As indicated at 48, mobile computing system 12 may output the contextual commentary as an audio signal, which may be played by a speaker, headphone, or other sound transducer. Box 50 schematically shows the audible sounds resulting from such an audio signal. Audio sounds can be played in real time as the mobile computing system recognizes the textual images, converts the textual images into textual data, and formulates contextual commentaries for the textual data based on the determined context of the textual images. In some embodiments, the mobile computing system may include controls that allow a user to skip commentaries and/or repeat commentaries. In some embodiments, the mobile computing system may include one or more user settings or filters that cause commentaries having a specific context to be given a higher priority than other commentaries with different contexts (e.g., street sign commentaries played before shop sign commentaries).
FIG. 1 shows an example in which the commentaries are played as audio sounds. In some embodiments, a mobile computing system may be configured to output the commentaries in other formats. As a nonlimiting example, FIG. 2 shows a scenario similar to the scenario of FIG. 1, but where a mobile computing system 12 is configured to output the commentaries via display 26. When output as an image via a display, the size, color, contrast, and other characteristics of the image may be tailored to facilitate reading by the visually impaired.
The commentaries may be output in any other suitable manner without departing from the spirit of this disclosure. Furthermore, while described as a tool capable of assisting the visually impaired, it should be understood that the herein described contextual commentary of textual images may be performed with a variety of different motivations. The present disclosure is not in any way limited to devices configured to assist the visually impaired.
The contextual commentary of textual images, as introduced above, can be performed by a variety of differently configured computing systems without departing from the spirit of this disclosure. As an example, FIG. 3 schematically shows a computing system 60 that may perform one or more of the herein described methods and processes for formulating contextual commentaries for textual images. Computing system 60 includes a logic subsystem 62, a data-holding subsystem 64, and an image capture device 66. Computing system 60 may optionally include a display subsystem and/or other components not shown in FIG. 3.
Logic subsystem 62 may include one or more physical devices configured to execute one or more instructions. For example, the logic subsystem may be configured to execute one or more instructions that are part of one or more programs, routines, objects, components, data structures, or other logical constructs. Such instructions may be implemented to perform a task, implement a data type, transform the state of one or more devices, or otherwise arrive at a desired result. The logic subsystem may include one or more processors that are configured to execute software instructions. Additionally or alternatively, the logic subsystem may include one or more hardware or firmware logic machines configured to execute hardware or firmware instructions. The logic subsystem may optionally include individual components that are distributed throughout two or more devices, which may be remotely located in some embodiments.

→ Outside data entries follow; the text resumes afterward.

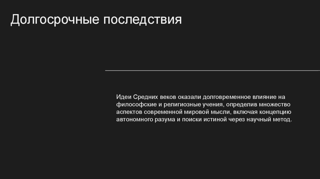 Долгосрочные последствияИдеи Средних веков оказали долговременное влияние на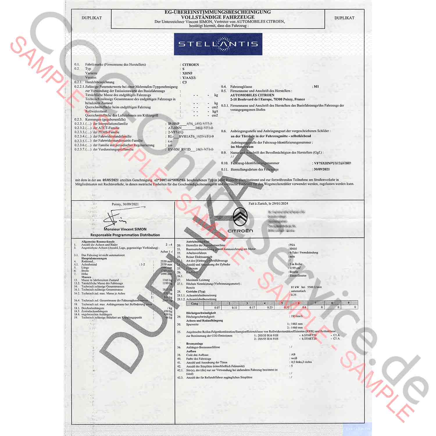 COC-dokumentit Citroënille (Certificate of Conformity)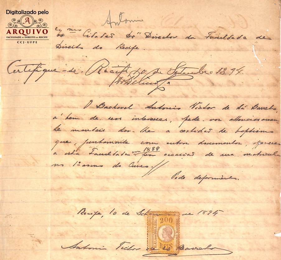 Aos 27 de outubro de 1894, presente o Doutor Adelino Antônio Luna Freire filho, foi por este conferido o grau de bacharel em Ciências Jurídicas e Sociais ao Senhor Antônio Victor de Sá Barretto na Faculdade de Direito do Recife.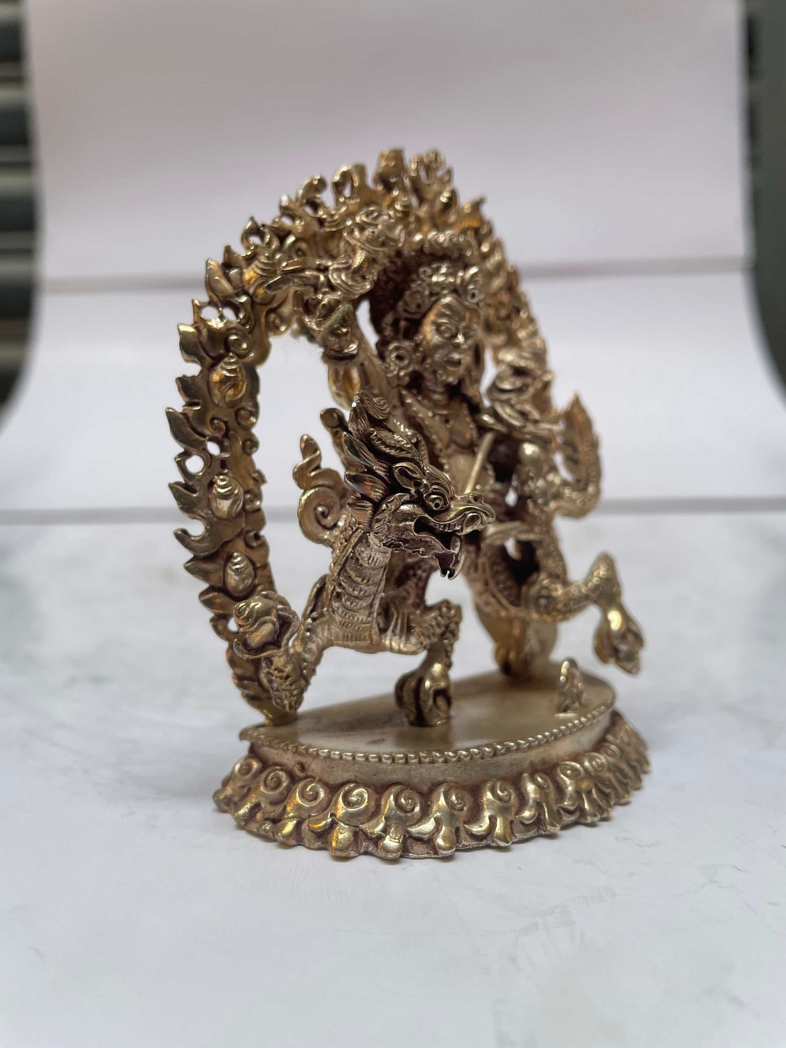 : About Silver Statue:The Silver Statues are rarely made these days, This White Jambhala statue date back to the late 1990 A.D. Most of the statues in our collection are highly collectibles because the silver statues were rarely found even though the prices were cheap during the late 1990 and early 2000. In this present era, the price of silver has hicked so much that making a silver statue for a commercial purpose is not viable anymore. The price we have offered for the statues are comparatively than of making a new one.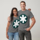 Um símbolo grande de asterisco em branco sobre um fundo colorido. Um design simples e simples em si mesmo ou pode ser mais personalizado. NB: O design também se repete no verso. No entanto, você pode remover qualquer um dos designs, se preferir. Esta camisa é totalmente personalizável.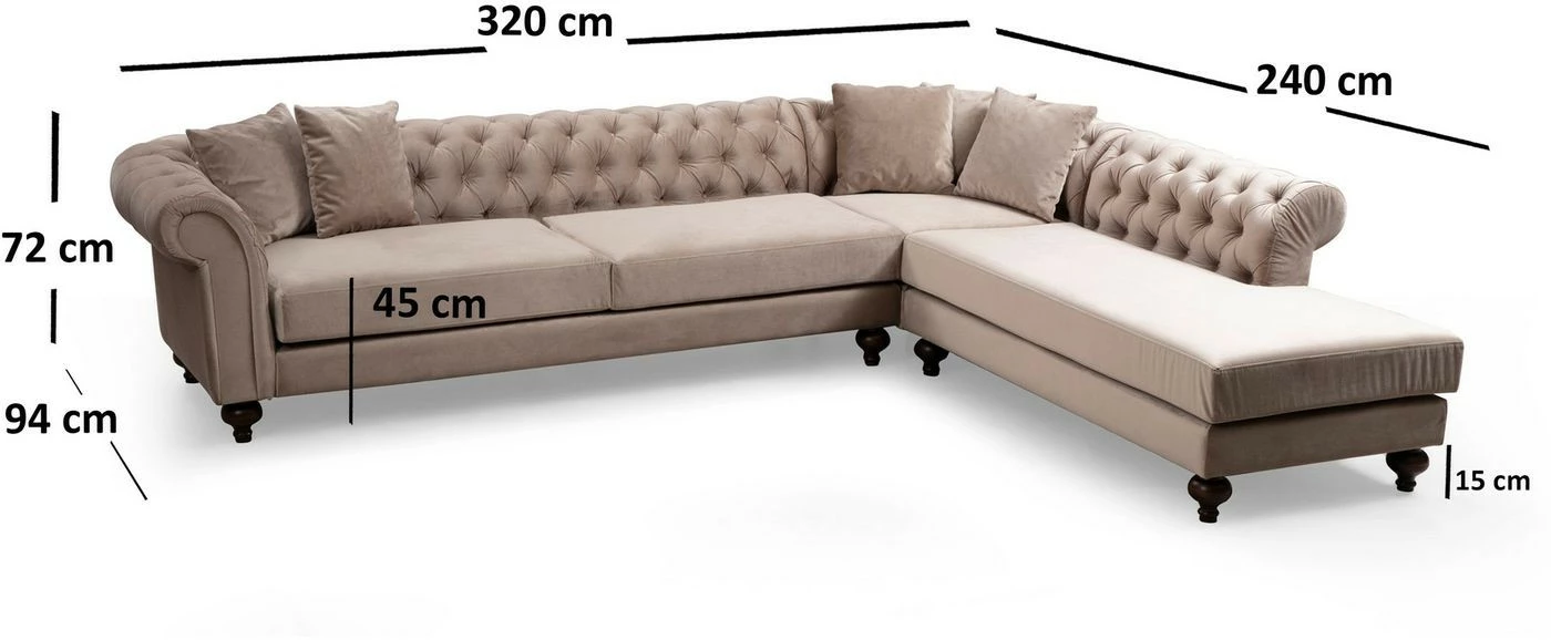 Upea Bogart-avokulmasohva kutsuu viettämään aikaa isommallakin seurueella. Tekstiiliverhoilu ja mustat puiset jalat. Lyhyempi osa on edestäpäin katsottuna oikealla puolella. Lyhyemmän osan leveys on 240 cm.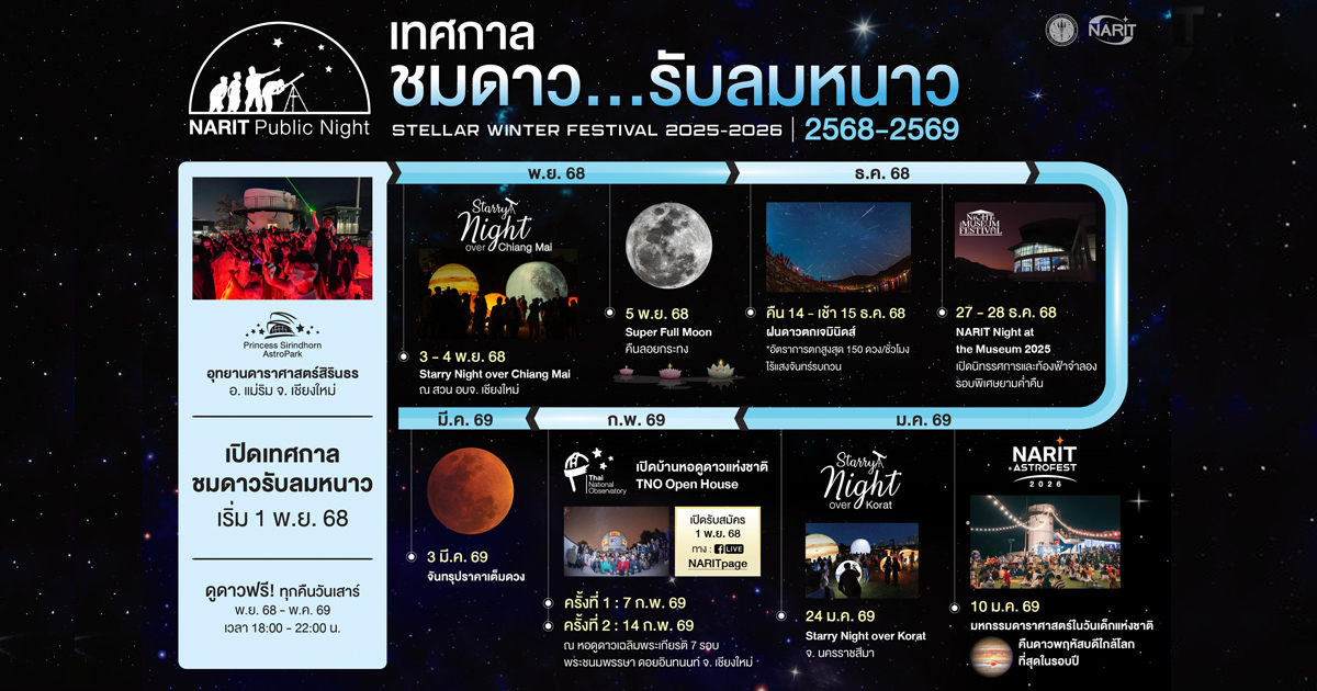 ต้อนรับลมหนาวกับ 10 อีเวนต์ดาราศาสตร์ ชวนคนรักท้องฟ้ามาชมดาว ดูฝนดาวตก และปรากฏการณ์บนฟากฟ้าที่หาชมได้ไม่บ่อย เตรียมกล้องให้พร้อม แล้วไปสัมผัสความงามของท้องฟ้ายามค่ำคืนกัน เมื่ออากาศเริ่มเย็นและท้องฟ้าเปิดชัดช่วงปลายปี ก็ถึงเวลาของเทศกาลชมดาวที่หลายคนรอคอย ปีนี้มีอีเวนต์ดาราศาสตร์น่าสนใจมากมาย ทั้งปรากฏการณ์บนฟ้า ฝนดาวตก และช่วงเวลาชมดาวพิเศษที่จัดทั่วประเทศ เหมาะสำหรับทั้งมือใหม่และสายดูดาวตัวจริงที่อยากออกไปสัมผัสความงามของท้องฟ้ายามค่ำคืน ท่ามกลางลมหนาวและบรรยากาศสุดโรแมนติกของปลายปี 2568 ต่อเนื่องถึงต้นปี 2569 เลยทีเดียว สถาบันวิจัยดาราศาสตร์แห่งชาติ (องค์การมหาชน) หรือ สดร. (NARIT) ภายใต้กระทรวงการอุดมศึกษา วิทยาศาสตร์ วิจัยและนวัตกรรม (อว.) ชวนคนไทยชมความงามของท้องฟ้ายามค่ำคืนในช่วงฤดูหนาว กับกิจกรรมใหญ่ประจำปี “เทศกาลชมดาว…รับลมหนาว” เริ่มตั้งแต่วันที่ 1 พฤศจิกายน 2568 เป็นต้นไป ดูดาวทุกคืนวันเสาร์พร้อมกัน 5 แห่งทั่วประเทศ ได้แก่ อุทยานดาราศาสตร์สิรินธร อ.แม่ริม จ.เชียงใหม่ หอดูดาวเฉลิมพระเกียรติฯ นครราชสีมา หอดูดาวเฉลิมพระเกียรติฯ ขอนแก่น หอดูดาวเฉลิมพระเกียรติฯ ฉะเชิงเทรา หอดูดาวเฉลิมพระเกียรติฯ สงขลา วันและเวลา : วันที่ 1 พฤศจิกายน 2568 ตั้งแต่เวลา 18.00-22.00 น. เปิดฤดูกาลดูดาวครั้งแรกของปีในธีม “Halloween Starry Night” ชวนแต่งกายฮาโลวีน ส่องดาวผ่านกล้องโทรทรรศน์หลากหลายขนาด พร้อมเสียงดนตรีบรรเลงตลอดคืน วันและเวลา : วันที่ 3-4 พฤศจิกายน 2568 ตั้งแต่เวลา 17.00-22.00 น. ธีม “Moon Night Party in the Park” เปิดประสบการณ์ดูดาวกลางสวน อบจ.เชียงใหม่ พบคาราวานกล้องโทรทรรศน์กว่าครึ่งร้อย และกิจกรรมดาราศาสตร์มากมาย วันและเวลา : วันที่ 5 พฤศจิกายน 2568 ตั้งแต่เวลา 18.00-22.00 น. ตรงกับ คืนวันลอยกระทง ชวนแต่งกายชุดไทยหรือพื้นเมือง ชมดวงจันทร์เต็มดวงใกล้โลกที่สุด พร้อมร่วมกิจกรรม “ลอยกระทงดิจิทัลในอวกาศ” *** จัดเฉพาะที่อุทยานดาราศาสตร์สิรินธร อำเภอแม่ริม จังหวัดเชียงใหม่ ส่วนภูมิภาคพบกันที่หอดูดาวเฉลิมพระเกียรติฯ นครราชสีมา ขอนแก่น ฉะเชิงเทรา และสงขลา วันและเวลา : วันที่ 14-15 ธันวาคม 2568 เริ่มชม 20.00 น. เป็นต้นไป ชวนร่วมนอนนับฝนดาวตก และชมวัตถุท้องฟ้าผ่านกล้องโทรทรรศน์ที่เชียงใหม่ และหอดูดาวเฉลิมพระเกียรติฯ นครราชสีมา ขอนแก่น ฉะเชิงเทรา และสงขลา วันและเวลา : วันที่ 27-28 ธันวาคม 2568 ตั้งแต่เวลา 18.00-22.00 น. เปิดนิทรรศการดาราศาสตร์ ท้องฟ้าจำลองรอบพิเศษยามค่ำคืน และกิจกรรมดูดาว พร้อมร่วมฉลองเทศกาลคริสต์มาสท่ามกลางหมู่ดาวพร่างพราวและลมหนาวปลายปี พร้อมกัน 5 แห่ง ณ อุทยานดาร

Data-holding subsystem 64 may include one or more physical devices configured to hold data and/or instructions executable by the logic subsystem to implement the herein described methods and processes. When such methods and processes are implemented, the state of data-holding subsystem 64 may be transformed (e.g., to hold different data). Data-holding subsystem 64 may include removable media and/or built-in devices. Data-holding subsystem 64 may include optical memory devices, semiconductor memory devices, and/or magnetic memory devices, among others. Data-holding subsystem 64 may include devices with one or more of the following characteristics: volatile, nonvolatile, dynamic, static, read/write, read-only, random access, sequential access, location addressable, file addressable, and content addressable. In some embodiments, logic subsystem 62 and data-holding subsystem 64 may be integrated into one or more common devices, such as an application specific integrated circuit or a system on a chip.
FIG. 3 also shows an aspect of the data-holding subsystem in the form of computer-readable removable media 68, which may be used to store and/or transfer data and/or instructions executable to implement the herein described methods and processes.
Image capture device 66 may include optics and an image sensor. The optics may collect light and direct the light to the image sensor, which may convert the light signals into electrical signals. Virtually any optical arrangement and/or type of image sensor may be used without departing from the spirit of this disclosure. As an example, an image sensor may include a charge-coupled device or a complementary metal—oxide—semiconductor active-pixel sensor.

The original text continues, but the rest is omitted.